O relatório reafirma uma forte assimetria regional e uma intensa concentração do problema comercial em poucas áreas de concessão. As dez distribuidoras com os cenários mais severos de furto concentram 76,2% de todas as perdas não técnicas do Brasil.

O dado mais alarmante envolve a Light (RJ) e a Amazonas Energia (AM). Juntas, as duas empresas respondem por 31,2% do volume total de perdas não técnicas do país, embora somem apenas 5,8% do mercado nacional de baixa tensão. Na região Norte, o índice de PNT real sobre a energia injetada bateu os 20%, contrastando com o Sul, onde o indicador se posicionou em 2,6%, em perfeita aderência ao teto regulatório.

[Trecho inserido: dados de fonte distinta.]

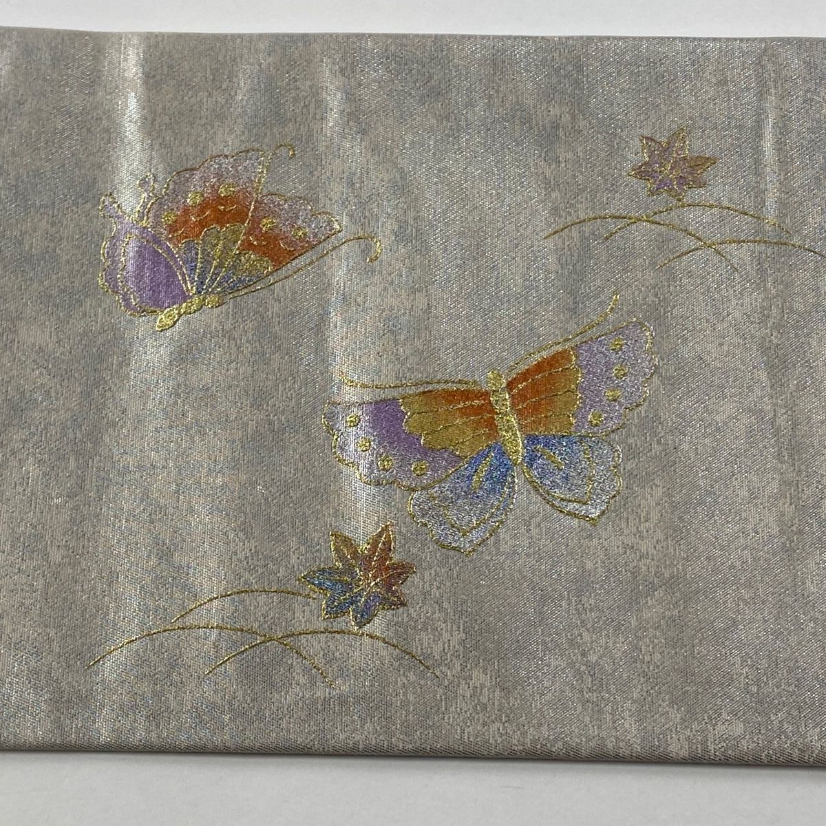 名古屋帯 秀品 蝶 流水 金銀彩 銀色 正絹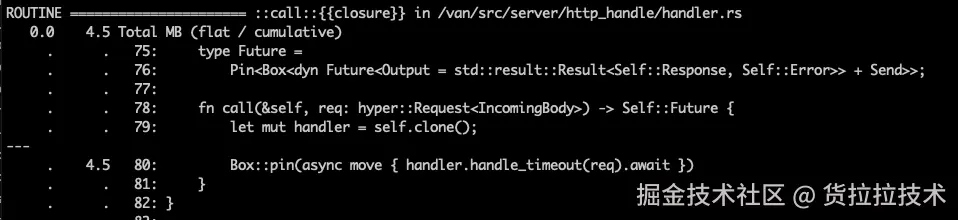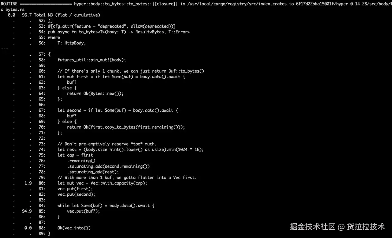 前文中提到内存主要集中在 hyper::body::to_bytes 方法中。通常情况下,一个函数执行完成了,执行过程中的申请的内存都会释放。如果出现像下面的情况,是所有权转移了,数据被缓存了,而非这个异步函数阻塞了。
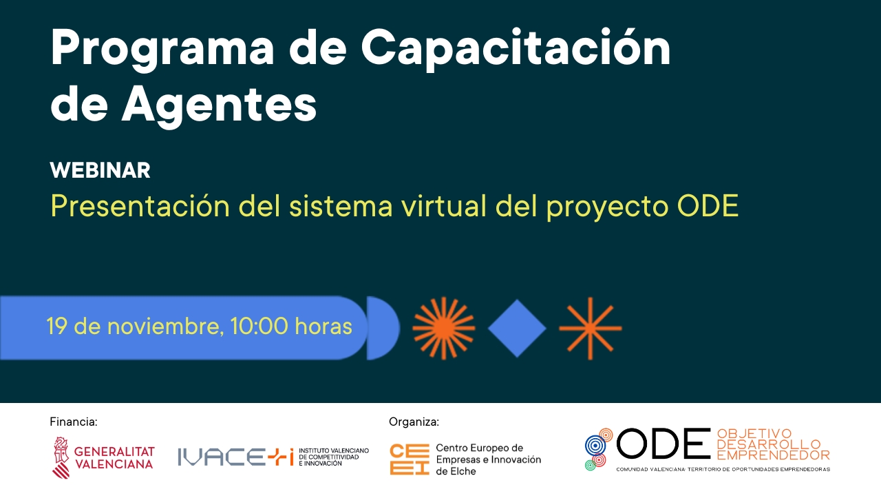 Esta acción se enmarca dentro del Programa de Fortalecimiento de agentes del ecosistema de emprendimiento de la Comunidad Valenciana, actividad promovida y financiada por la Generalitat Valenciana, a través del Instituto Valenciano de Competitividad e Innovación (IVACE+i), dentro de su política de apoyo al emprendimiento innovador.
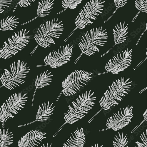 Hand drawn sketch style palm leaves on dark background seamless pattern. Color illustration with tropical leaves.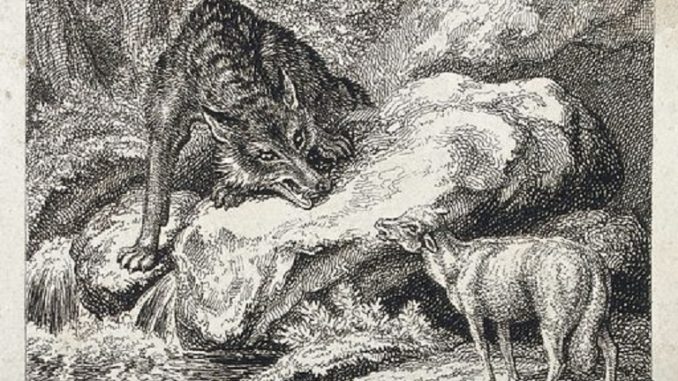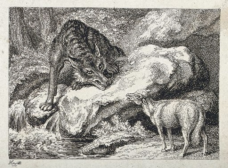 Image: https://creativecommons.org/licenses/by/4.0/; Etching by W-S Howitt. Wolves; Work ID: bgjca8g7; https://www.lookandlearn.com/history-images/YW021601V/A-large-wolf-snarling-from-across-a-stream-at-a-bleating-lamb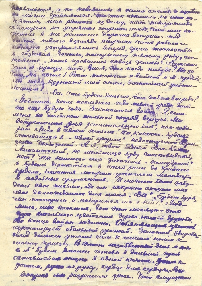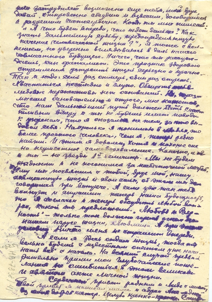 Да что будет дальше, что ждёт впереди? Людмила, после последнего года твоей учебы дальше еще будут годы. Закончится война. Я, если меня не долбанет шальной снаряд, вернусь. Мы встретимся «для решительного боя», как говорит Лида в своём письме. Ты, конечно, будешь оставаться в «своей форме», недоступной Дульсинеей Тобольской. А я, твой бедный Дон-Кихот Ламаческий, не мельницы буду атаковывать, нет! Ты немного еще захочешь «помудрить» и будешь держаться в этой роли до крайнего предела, блистая могучим арсеналом […] и подобных аргументов. И может быть забудешь своё письмо, где ты искренно сказала мне своё долгожданное для меня «Да». «Будет буря, мы поспорим и поборемся мы с ней! Людмила, мне кажется, вот эти месяцы – это пора длительного цветения дерева нашей дружбы. До конца войны недалеко. Оттяняющая цветов гарантирует обильный урожай. Золотой здоровый плод должен упасть сам к нашим ногам к моему приезду. В этот незабываемый день и ты и я будем вполне готовы в дальний путь оставшейся жизни в одной каюте, уста к устам, рука об руку, сердце для сердца. Все вопросы разрешили уже. Что смущает или затрудняет возможно ещё тебя, мой друг, давай откровенно обсудим и взвесим, договоримся и разрешим чистосердечно. Когда ты мне пишешь: «А что будет впереди, что ждёт дальше? Как знать дальнейшую судьбу, предопределяющую течение человеческой жизни?», я тоже с волнением, но уверенно вглядываюсь вдаль нашего совместного будущего. Ничего, что ты рассуждаешь, как фаталист. Это признак здорового стремления устроить жизнь серьёзно и прочно. Так и надо: семь раз отмерь, один раз отрежь. Хвастаться постыдно и глупо. Обещать тебе медовые перспективы нет оснований. Но, поразмыслив основательно и строго, мне кажется, что наш дальнейший путь должен быть счастливым в меру, а ты не будешь иметь повода к упрекам, что я оказался не тем, за что выдавал себя. Несколько я понимаю в людях, то более простого человека, чем я, теперь редко найти. И этим я доволен, хотя и похоже сие на неуместное самовосхваление. Конечно, и ты не звезда первой величины. Мы не будем жадными и не погонимся за несбыточной мечтой. Чему мы посвятим с тобой, друг мой, нашу совместную жизнь и свои силы, об этом мы договоримся при встрече. А если так тебя волнует и страшит тебя наша будущность, то я согласен и теперь обсудить любой вопрос, какой ты предложишь. «Любовь и верность» – только так должно гореть огнем на нашем парусе жизни, Людмила. А при одном условии: Никто меня не страшит впереди.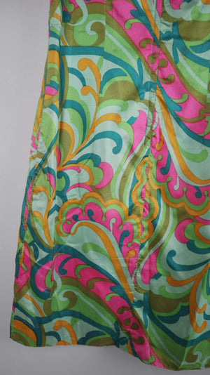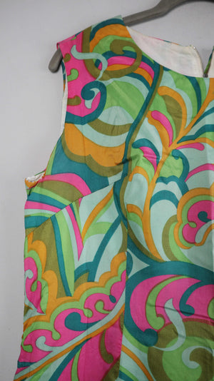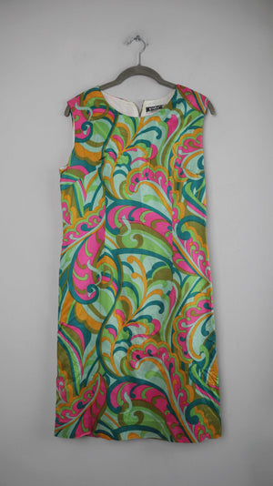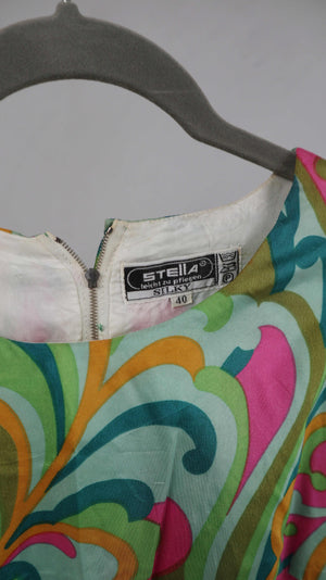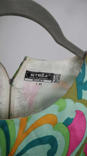 True Vintage Kleid Seide Retro Stella 40 L grün pink 38 M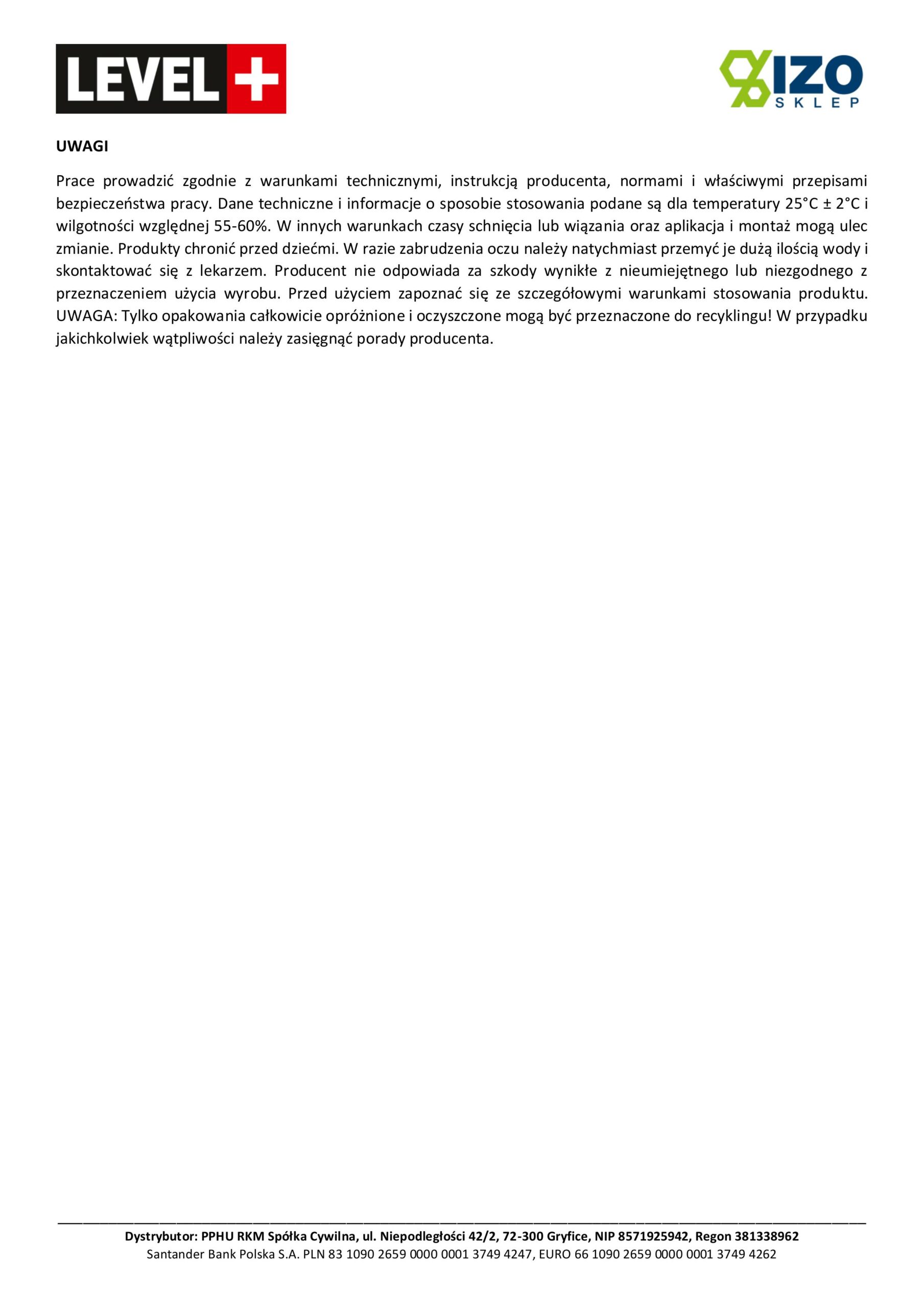 Prace prowadzić zgodnie z warunkami technicznymi, instrukcją producenta, normami i właściwymi przepisami bezpieczeństwa pracy. Dane techniczne i informacje o sposobie stosowania podane są dla temperatury 25°C ± 2°C i wilgotności względnej 55-60%. W innych warunkach czasy schnięcia lub wiązania oraz aplikacja i montaż mogą ulec zmianie. Produkty chronić przed dziećmi. W razie zabrudzenia oczu należy natychmiast przemyć je dużą ilością wody i skontaktować się z lekarzem. Producent nie odpowiada za szkody wynikłe z nieumiejętnego lub niezgodnego z przeznaczeniem użycia wyrobu. Przed użyciem zapoznać się ze szczegółowymi warunkami stosowania produktu. UWAGA: Tylko opakowania całkowicie opróżnione i oczyszczone mogą być przeznaczone do recyklingu! W przypadku jakichkolwiek wątpliwości należy zasięgnąć porady producenta.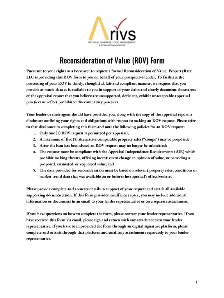 The ROV Form can be submitted by borrowers who believe there are errors in their property appraisal, as well as lenders or agents acting on their behalf.

A complexidade socioeconômica das áreas de concessão, avaliada pela Aneel por meio de modelos econométricos que ponderam variáveis como segurança pública, disposição urbana e domicílios subnormais, continua sendo o principal balizador para a fixação das metas regulatórias. Diante desse cenário de forte pressão sobre o fluxo de caixa das empresas e buscando modernizar os incentivos regulatórios, o regulador mantém em andamento a Tomada de Subsídios nº 25/2026. O processo iniciou a revisitação completa da metodologia de PNT, com previsão de abertura de Consulta Pública e encerramento dos novos parâmetros regulatórios ainda no segundo semestre de 2026.